Internationalized domain names (IDNs for short) are domain names which use non-ASCII characters and could be helpful to more than 30% of the world population.

But all this time DNS didn’t change, so how does this work?!

At some point, some guy proposed a standard for converting any character (Unicode) into ASCII. This is called Punycode. For my domain, ă.cc, Punycode looks like xn--0da.cc. The character ă is actually 0da. xn-- tells applications this is Punycode.

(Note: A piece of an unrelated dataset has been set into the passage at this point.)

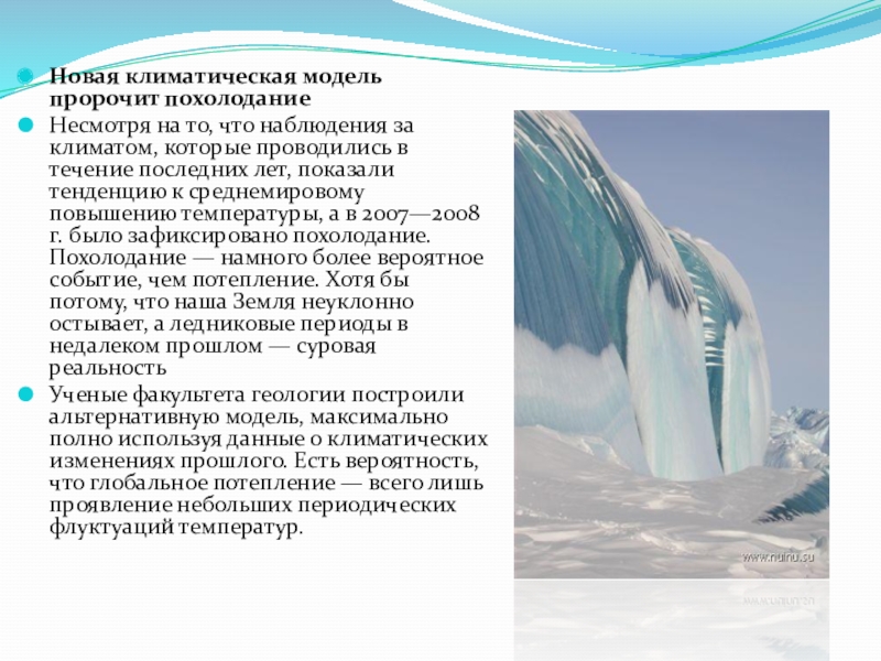 Слайд 21Новая климатическая модель пророчит похолодание

So, IDNs are implemented at the application level. Internet Explorer started to support this late 2006 and others a little bit earlier but it seems that 12 years later, support is poor in pretty much any other basic tool.

The Linux situation

  • SSH, traceroute and many others don’t support IDNs.
  • The browsers, nslookup and dig are OK.
  1. The thing that handles resolving domain names in Linux is glibc, which has some resolver code copied mostly from BIND. BIND is that DNS server which we talked about in the beginning, that only supports ASCII.
  2. Pretty much all programs link against glibc and when they need to resolve some address, glibc handles it for them.
  3. There is a library in Linux, called libidn, which handles the conversion to Punycode.
  4. nimblex:~# ldd /usr/bin/nslookup 
     linux-vdso.so.1 (0x00007ffc3dde8000)
     libedit.so.0 => /usr/lib64/libedit.so.0 (0x00007fed5f979000)
     libdns.so.1100 => /usr/lib64/libdns.so.1100 (0x00007fed5f551000)
     liblwres.so.160 => /usr/lib64/liblwres.so.160 (0x00007fed5f33e000)
     libbind9.so.160 => /usr/lib64/libbind9.so.160 (0x00007fed5f12d000)
     libisccfg.so.160 => /usr/lib64/libisccfg.so.160 (0x00007fed5ef01000)
     libisc.so.169 => /usr/lib64/libisc.so.169 (0x00007fed5ec89000)
     libcrypto.so.1.1 => /lib64/libcrypto.so.1.1 (0x00007fed5e802000)
     libcap.so.2 => /lib64/libcap.so.2 (0x00007fed5e5fd000)
     libjson-c.so.4 => /usr/lib64/libjson-c.so.4 (0x00007fed5e3ee000)
     libpthread.so.0 => /lib64/libpthread.so.0 (0x00007fed5e1cf000)
     libxml2.so.2 => /usr/lib64/libxml2.so.2 (0x00007fed5de6a000)
     libz.so.1 => /lib64/libz.so.1 (0x00007fed5dc53000)
     liblzma.so.5 => /lib64/liblzma.so.5 (0x00007fed5da2d000)
     libm.so.6 => /lib64/libm.so.6 (0x00007fed5d692000)
     libdl.so.2 => /lib64/libdl.so.2 (0x00007fed5d48e000)
     libidn.so.12 => /usr/lib64/libidn.so.12 (0x00007fed5d25a000)
     libc.so.6 => /lib64/libc.so.6 (0x00007fed5ce70000)
     libncurses.so.6 => /lib64/libncurses.so.6 (0x00007fed5cc46000)
     libtinfo.so.6 => /lib64/libtinfo.so.6 (0x00007fed5ca1a000)
     /lib64/ld-linux-x86-64.so.2 (0x00007fed5fbb1000)
    

    nslookup links against libidn and that’s why it can resolve my domain; ă.cc

Now a few things come to mind:

  • link glibc against libidn to support resolving internationalized domains names. Well, this is stupid because glibc is primordial. libidn links to it, not the other way around.
    nimblex:~# ldd /usr/lib64/libidn.so.12
      linux-vdso.so.1 (0x00007ffe1cbdc000)
      libc.so.6 => /lib64/libc.so.6 (0x00007fc7f9785000)
      /lib64/ld-linux-x86-64.so.2 (0x00007fc7f9da3000)
    
  • merge glibc and libidn. It seems this was done before ICAN made their grand announcement, almost a decade ago, but then abandoned.
  • link tools like ping, ssh and others against libidn.
    • it looks like for ping, libidn was encouraged since 2015 but many distros don’t support it yet. Still, I’m sure ping will support IDNs in most distros soon.
    • for ssh the territory is virgin.

Conclusion

In 2018 we have AI which recognizes my face better than my family but most tools don’t work with domains such as рнидс.срб. It seems seriously limiting and I don’t like that. I guess I will start bothering some people about this.